**What to produce**
Could you set down the listing below exactly and omit its images?

**Collected data**
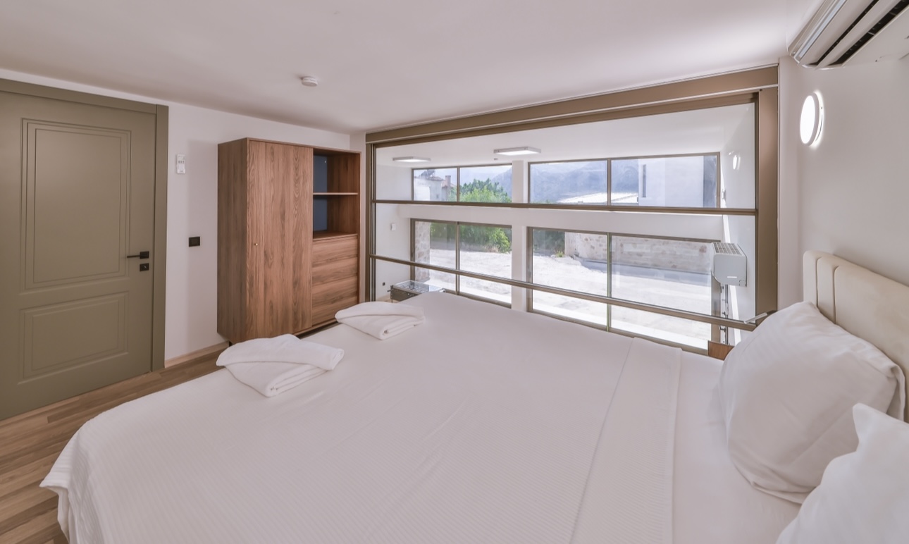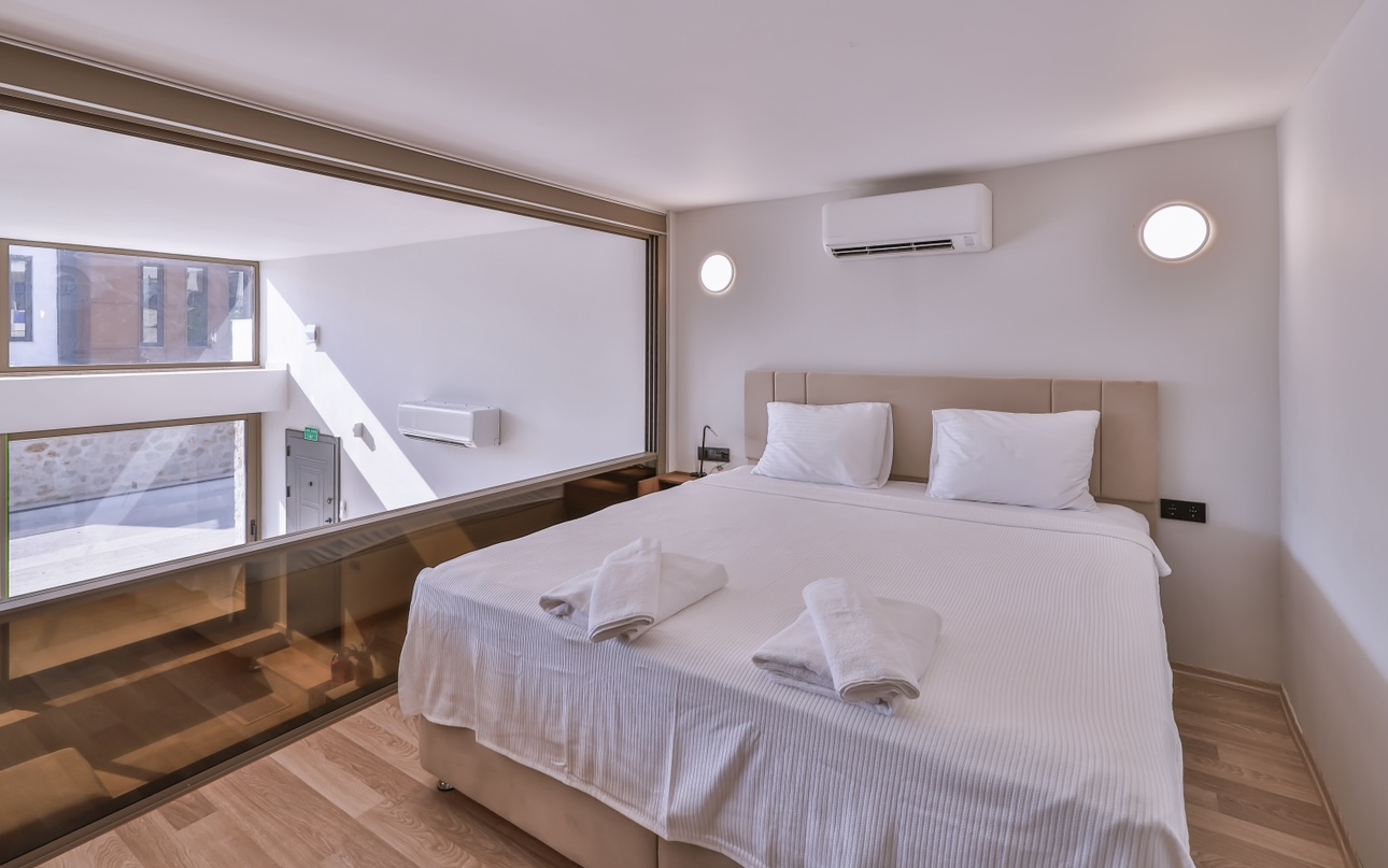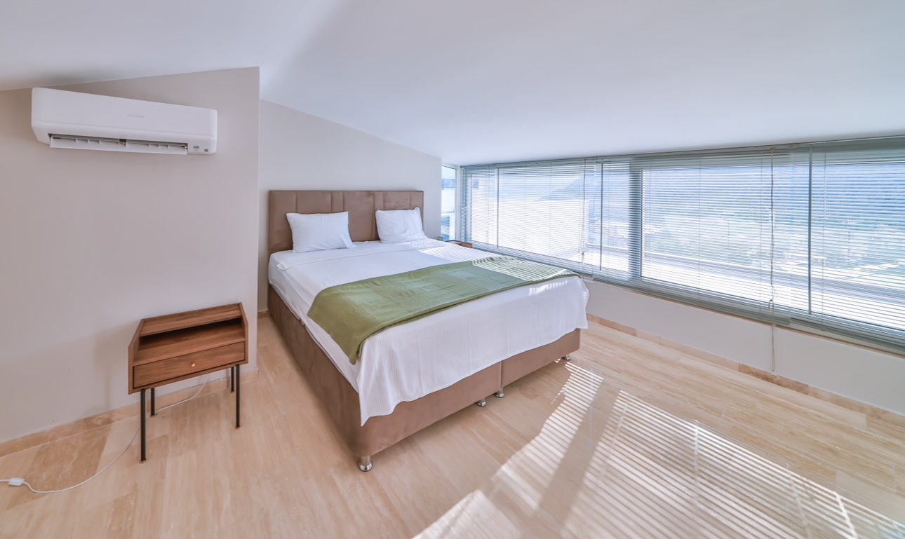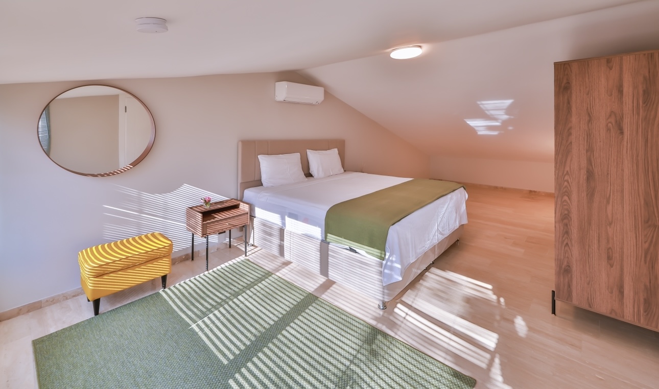 спальню с двуспальной кроватью, где можно создать приватность, задёрнув штору, разделяющую зону гостиной
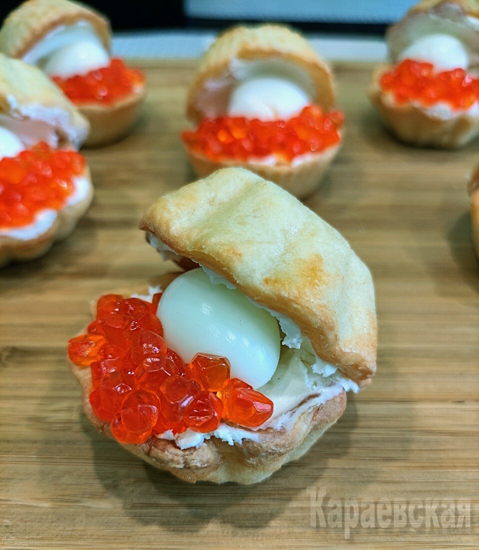 Теперь приходит время начинить тарталетки. Каждая из них наполняется кремом чиз, а в половину из них добавляется по перепелиное яйцо и немного красной икры. Для визуального эффекта, нужно соединить две тарталетки: одну с икрой и яйцом, а другую — только с кремом. Такой оригинальный и привлекательный подход не оставит равнодушными ни одного гостя на вашем празднике!
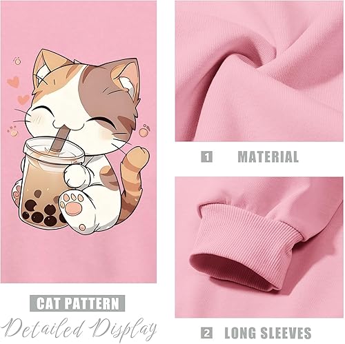 Feature: Cute sweatshirts for girls 10-12, kawaii bubble milk tea cat print, round neck, long sleeve, girls kawaii graphic hoodie , this girls cat sweater is comfortable and fitted. cat sweatshirt for girls is cute and charming

**Exercise solution**
 спальню с двуспальной кроватью, где можно создать приватность, задёрнув штору, разделяющую зону гостиной
 Теперь приходит время начинить тарталетки. Каждая из них наполняется кремом чиз, а в половину из них добавляется по перепелиное яйцо и немного красной икры. Для визуального эффекта, нужно соединить две тарталетки: одну с икрой и яйцом, а другую — только с кремом. Такой оригинальный и привлекательный подход не оставит равнодушными ни одного гостя на вашем празднике!
 Feature: Cute sweatshirts for girls 10-12, kawaii bubble milk tea cat print, round neck, long sleeve, girls kawaii graphic hoodie , this girls cat sweater is comfortable and fitted. cat sweatshirt for girls is cute and charming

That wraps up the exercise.